This notebook is intended to showcase effect of post processing filters
!wget -N https://librealsense.intel.com/rs-tests/TestData/stairs.bag
print("Data is Ready")
Data is Ready
'wget' is not recognized as an internal or external command, operable program or batch file.
In order to extract and visualise the data we will need to import python libraries:
import numpy as np # fundamental package for scientific computing
import matplotlib.pyplot as plt # 2D plotting library producing publication quality figures
import pyrealsense2 as rs # Intel RealSense cross-platform open-source API
print("Environment Ready")
Environment Ready
# Setup:
pipe = rs.pipeline()
cfg = rs.config()
cfg.enable_device_from_file("stairs.bag")
profile = pipe.start(cfg)
# Skip 5 first frames to give the Auto-Exposure time to adjust
for x in range(5):
pipe.wait_for_frames()
# Store next frameset for later processing:
frameset = pipe.wait_for_frames()
depth_frame = frameset.get_depth_frame()
# Cleanup:
pipe.stop()
print("Frames Captured")
--------------------------------------------------------------------------- RuntimeError Traceback (most recent call last) <ipython-input-6-ac59184d4988> in <module> 3 cfg = rs.config() 4 cfg.enable_device_from_file("stairs.bag") ----> 5 profile = pipe.start(cfg) 6 7 # Skip 5 first frames to give the Auto-Exposure time to adjust RuntimeError: Failed to resolve request. Request to enable_device_from_file("stairs.bag") was invalid, Reason: Failed to create ros reader: Error opening file: stairs.bag
colorizer = rs.colorizer()
colorized_depth = np.asanyarray(colorizer.colorize(depth_frame).get_data())
plt.rcParams["axes.grid"] = False
plt.rcParams['figure.figsize'] = [8, 4]
plt.imshow(colorized_depth)
When using Depth-from-Stereo solution, z-accuracy is related to original spacial resolution.
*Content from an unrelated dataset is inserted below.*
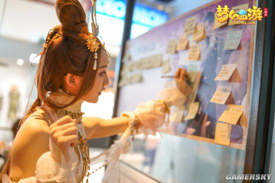 一曲飘飘欲仙的舞蹈过后,现场开启了跨次元的互动。少侠们参加科举答题,如愿以偿获得了惊喜好礼。本次线下科举答题还原了游戏科举玩法,舞天姬现场当“主考官”,在仙女主考官的加持下,少侠们天赋全开,礼品拿不停。除了有精彩的科举答题玩法,现场少侠还在表白墙上为一博和三界写下了深情告白。

If you are satisfied with lower spatial resolution, the Decimation Filter will reduce spatial resolution preserving z-accuracy and performing some rudamentary hole-filling.
decimation = rs.decimation_filter()
decimated_depth = decimation.process(depth_frame)
colorized_depth = np.asanyarray(colorizer.colorize(decimated_depth).get_data())
plt.imshow(colorized_depth)
You can control the amount of decimation (liniar scale factor) via filter_magnitude
option.
Note the changing image resolution
decimation.set_option(rs.option.filter_magnitude, 4)
decimated_depth = decimation.process(depth_frame)
colorized_depth = np.asanyarray(colorizer.colorize(decimated_depth).get_data())
plt.imshow(colorized_depth)
Spatial Filter is a fast implementation of Domain-Transform Edge Preserving Smoothing
spatial = rs.spatial_filter()
filtered_depth = spatial.process(depth_frame)
colorized_depth = np.asanyarray(colorizer.colorize(filtered_depth).get_data())
plt.imshow(colorized_depth)
We can emphesize the effect of the filter by cranking-up smooth_alpha
and smooth_delta
options:
spatial.set_option(rs.option.filter_magnitude, 5)
spatial.set_option(rs.option.filter_smooth_alpha, 1)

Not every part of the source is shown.